Data Modelling: Cardinality, Relationships and Compression

02 Feb 2026

Relationship Cardinality

Cardinality defines how rows in one table relate to rows in another.

Notation	Meaning
`1:1`	Exactly one to one
`1:N`	One to many
`N:M`	Many to many
`0..N`	Optional, zero or many

Example: E-Commerce Model

A customer places orders. Each order has line items referencing products in a category.

erDiagram
    CUSTOMER ||--o{ ORDER : "1:N"
    ORDER ||--|{ ORDER_LINE : "1:N"
    ORDER_LINE }o--|| PRODUCT : "N:1"
    PRODUCT }o--|| CATEGORY : "N:1"
    CUSTOMER {
        int customer_id PK
        string name
        string country
    }
    ORDER {
        int order_id PK
        int customer_id FK
        date order_date
        decimal total_amount
    }
    ORDER_LINE {
        int line_id PK
        int order_id FK
        int product_id FK
        int quantity
    }
    PRODUCT {
        int product_id PK
        int category_id FK
        string name
        decimal price
    }
    CATEGORY {
        int category_id PK
        string name
    }

Reading the Relationships

Relationship	Type	Meaning
Customer → Order	`1:N`	One customer, many orders
Order → Order Line	`1:N`	One order, many line items
Order Line → Product	`N:1`	Many lines reference one product
Product → Category	`N:1`	Many products in one category

Why this matters: a 1:N JOIN fans out rows. If you SUM(total_amount) after joining orders to order lines, you get inflated totals. Always aggregate before joining, or join on the 1 side.

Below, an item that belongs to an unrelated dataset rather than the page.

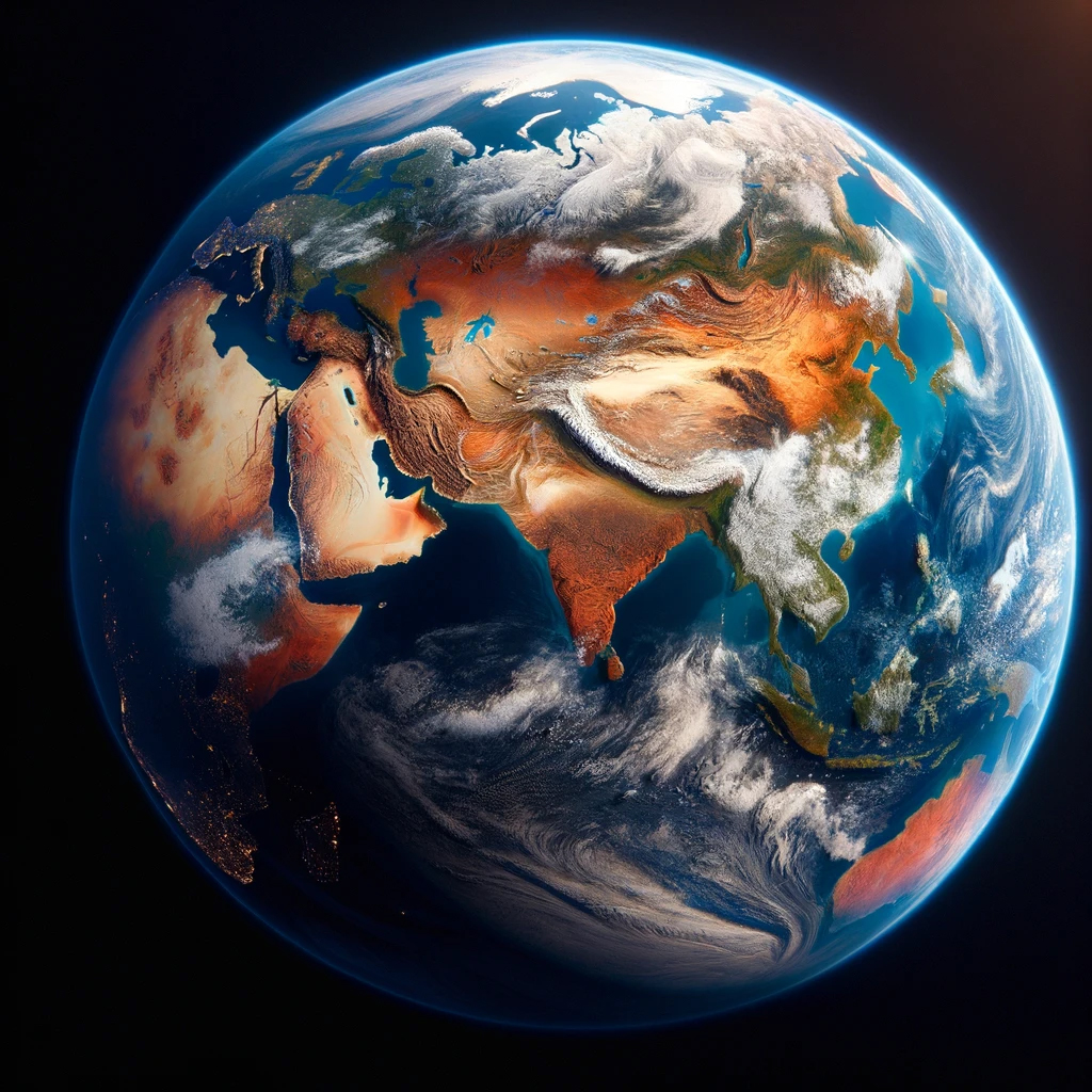 Une vue de l'espace, représentant la Terre comme une sphère où les continents et les océans sont clairement visibles. Les continents sont montrés avec des couleurs réalistes, représentant divers terrains tels que des déserts, des forêts et des montagnes, tandis que les océans sont dépeints dans différentes nuances de bleu pour indiquer la profondeur. Des formations de nuages peuvent être vues éparpillées à travers la planète, ajoutant au réalisme de la scène. Cette image capture la beauté et la diversité de la Terre depuis une perspective spatiale.

Column Cardinality and Parquet Compression

Column cardinality = the number of distinct values in a column. This directly impacts how well Parquet compresses your data.

quadrantChart
    title Column Cardinality vs Compression
    x-axis "Low Cardinality" --> "High Cardinality"
    y-axis "Poor Compression" --> "Great Compression"
    country: [0.2, 0.85]
    status: [0.15, 0.9]
    category_id: [0.3, 0.75]
    order_date: [0.55, 0.5]
    product_id: [0.7, 0.35]
    email: [0.85, 0.15]
    event_id: [0.95, 0.1]

How Parquet Compression Works

Parquet stores data column-by-column, not row-by-row. Columns with few distinct values compress extremely well because repeated values are encoded efficiently.

block-beta
    columns 3
    block:row["Row-Oriented (CSV/JSON)"]:3
        r1["Alice, IE, checkout, evt_1"]
        r2["Bob, DE, login, evt_2"]
        r3["Alice, IE, checkout, evt_3"]
    end
    space:3
    block:col["Column-Oriented (Parquet)"]:3
        c1["name: Alice, Bob, Alice"]
        c2["country: IE, DE, IE"]
        c3["event_id: evt_1, evt_2, evt_3"]
    end

Encoding by Cardinality

Column	Distinct Values	Cardinality	Parquet Encoding	Compression
`country`	~200	Very low	Dictionary	Excellent
`status`	3-5	Very low	RLE + Dictionary	Excellent
`order_date`	~365/year	Low	Dictionary + Delta	Good
`product_id`	~10K	Medium	Dictionary	Moderate
`email`	~1 per row	High	Plain	Poor
`event_id`	1 per row	Unique	Plain	None

Dictionary encoding: Parquet builds a lookup table of distinct values and stores integer indices instead of full values. A country column with 1 billion rows but only 200 distinct values stores just 200 strings + 1B tiny integers.

RLE (Run-Length Encoding): If data is sorted, consecutive identical values are stored as (value, count). Sorting by country before writing turns IE, IE, IE, IE into (IE, 4).

Practical Advice

Sort before write — sorting by low-cardinality columns maximises RLE compression:

-- Iceberg: sorted by low-cardinality columns first
ALTER TABLE orders WRITE ORDERED BY (country, status, order_date);

Partition by low cardinality — Iceberg/Delta partition keys should be low-cardinality columns (country, event_date), never high-cardinality (user_id, event_id).

Column pruning — Parquet reads only requested columns. High-cardinality columns like event_id don’t hurt queries that don’t select them.

Action	Impact
Sort by low-cardinality columns	2-5x smaller files
Partition by date/region	Faster query pruning
Avoid `SELECT *`	Skip high-cardinality columns
Use Zstandard compression	Better ratio than Snappy